When the couple ascended to the throne, the country was already in deep trouble financially, and Louis XVI’s monetary policies failed while he sent massive amounts to support the American Revolution. Propaganda of the time that was typically aimed at kingly mistresses was aimed at Marie Antoinette (since Louis XVI had no mistresses), and populist presses depicted her as being even more extravagant than she was.
5. Marie Antoinette never said "let them eat cake."
Anti-royal propaganda of the era was so effective that we still believe it to this day, including the idea that Marie Antoinette’s response to the plight of the French not being able to afford bread was “Let them eat cake.” The next time a friend brings that up at a party (happens all the time, right?) you can bet all the money in your pocket that it’s not true. Or, at least, that there’s no record of her having ever said it. On the other hand, stories of oblivious royals suggesting richer pastries when bread’s not available date back to the 16th century, and Jean-Jacques Rousseau told a similar story about “a great princess” in Confessions, but it’s doubtful he was referring to the then-teenaged Marie Antionette.

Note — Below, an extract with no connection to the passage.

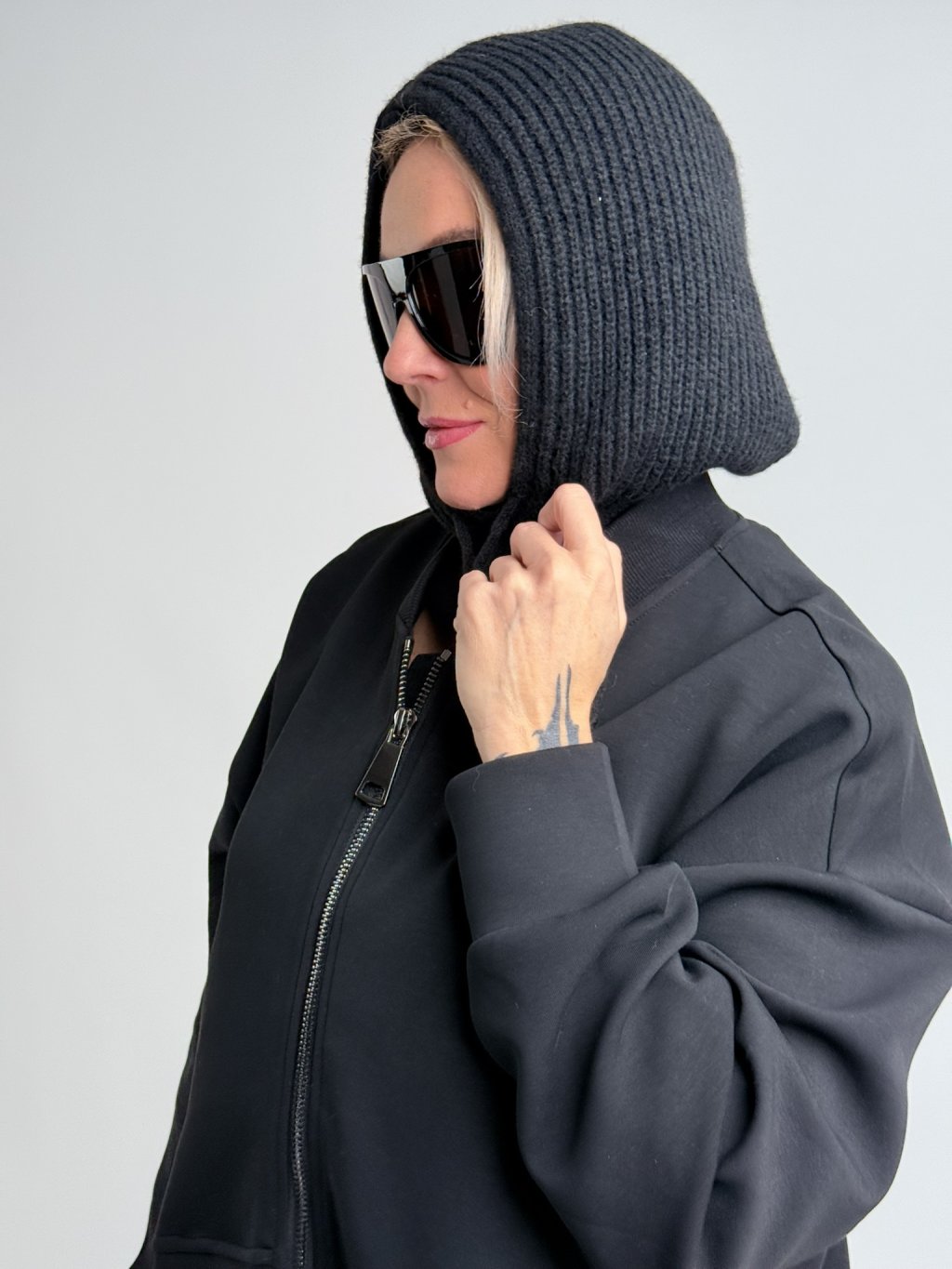Super záležitost-kukla, kterou lze nosit na hlavě nebo jako nákrčník.

6. Marie Antoinette had a peasant farmyard built at Versailles.
Marie Antoinette can’t escape all accusations of extravagance, though. Like other royals, she had expensive tastes, but her construction of a replica of a peasant farmyard where she and her friends could dress up like shepherdesses and play at being poor farmhands was beyond the pale. Built in 1783, Le Petit Hameau (“The Little Hamlet”) looked like a real farm except the farmhouse interior’s opulence was fit for a Queen.
7. Marie Antoinette loved children.
Despite not consummating their marriage until seven years in, Marie Antoinette and Louis XVI eventually had four children: Marie Thérèse in 1778, the Dauphin Louis Joseph in 1781, Louis Charles in 1785, and Sophie in 1786. Sophie died before her first birthday, and Louis Joseph died at age 7 (probably from tuberculosis), but Marie Antoinette also adopted several children. They included the daughter of a maid who died, and the three children of an usher following his death. When some loyalists attempted to rescue her from the Revolutionary forces, she responded that she “could not have any pleasure in the world” if she abandoned her children.

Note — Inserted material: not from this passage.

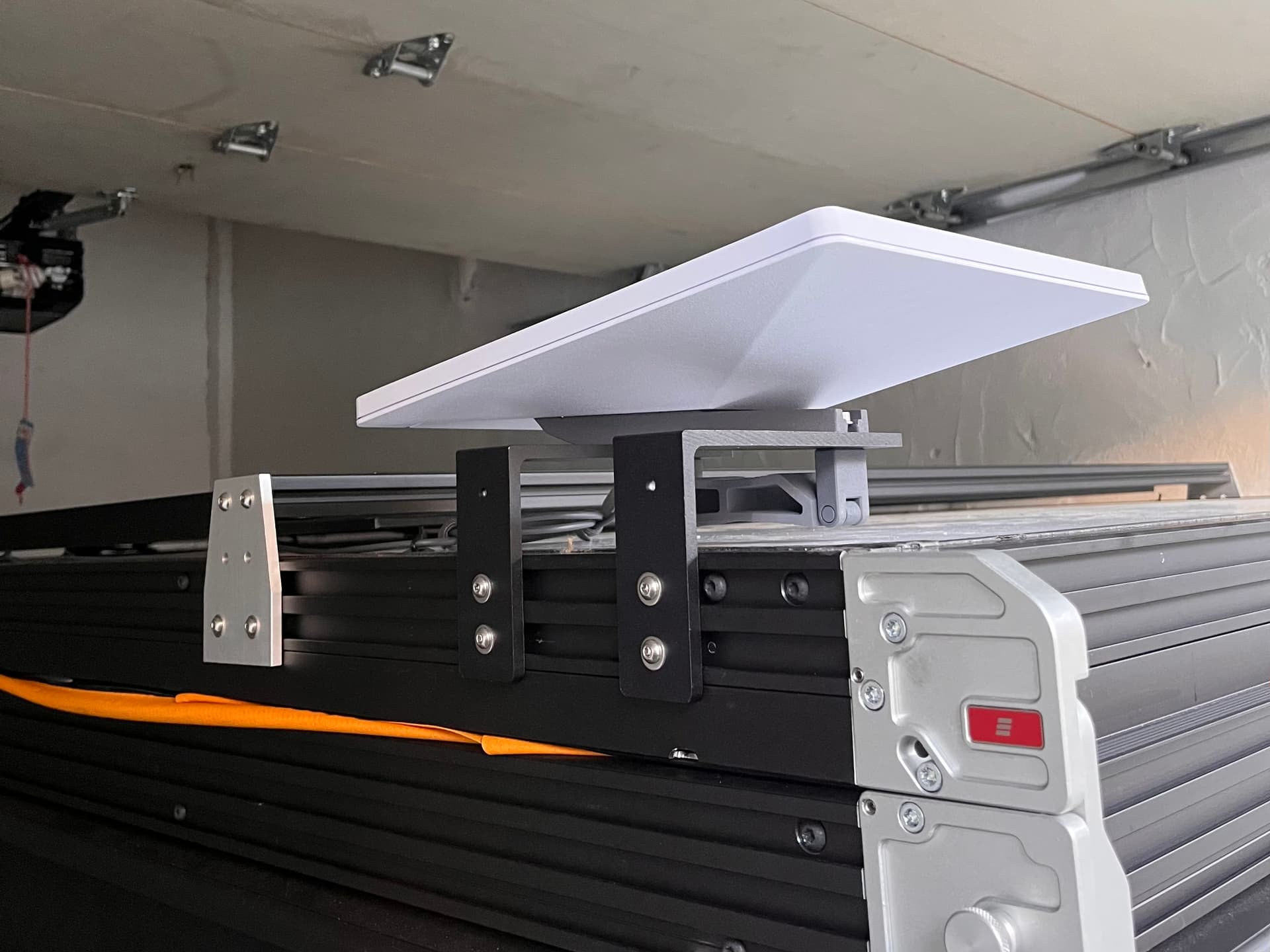 I wanted Starlink to be permanently mounted to my roof so that it could be used in motion. I had intended to mount the dish to the roof rack but after mounting the solar panel, I was afraid the dish would partially shade the panel. So instead, I found some L brackets on Amazon that I was able to attach to the GFC and then mount the dish onto. It’s not my favorite setup but it’s good enough for now.

8. Marie Antoinette could have been rescued from execution.
After Louis XVI was executed, Marie Antoinette—then called Widow Capet and prisoner 280—was imprisoned in the Conciergerie. Her friend Alexandre Gonsse de Rougeville visited her wearing two carnations, one of which concealed a note promising her bribe money to help her escape. He dropped it while in her cell and either it was picked up by the guards, or Marie Antoinette read it and scribbled an affirmative response that was then read by the guards. On the night of the attempted escape, the guards were bribed and Marie Antoinette was brought down to meet her rescuers, but one of the guards foiled their plan despite already having pocketed the bribe.
9. Marie Antoinette apologized to her executioner.

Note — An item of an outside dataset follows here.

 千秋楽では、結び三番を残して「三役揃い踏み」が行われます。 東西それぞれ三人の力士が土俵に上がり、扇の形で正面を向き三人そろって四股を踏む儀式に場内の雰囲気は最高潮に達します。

For someone who lived such an extraordinary, lavish life, Marie Antoinette’s final words were profoundly humble. On her way to the guillotine, the very instrument of death that was used to kill her husband 10 months prior, she accidentally stepped on the executioner’s foot and said, “Pardon me, sir. I meant not to do it.”
10. Marie Antoinette was buried in an unmarked grave, but didn't stay there.
After her execution at 12:15 p.m. on October 16, 1793, Marie Antoinette's body was dropped into a mass grave in the Madeleine cemetery, which was closed the following year because it had reached capacity. During the Bourbon Restoration following the fall of Napoleon, Marie Antoinette and Louis XVI’s bodies were exhumed on January 18, 1815, and given a royal burial at the Basilica of St. Denis just a few days later. Their remains are still there, but the Expiatory Chapel dedicated to them was designed in 1816 on the site at the Madeleine cemetery where they’d previously been unceremoniously interred.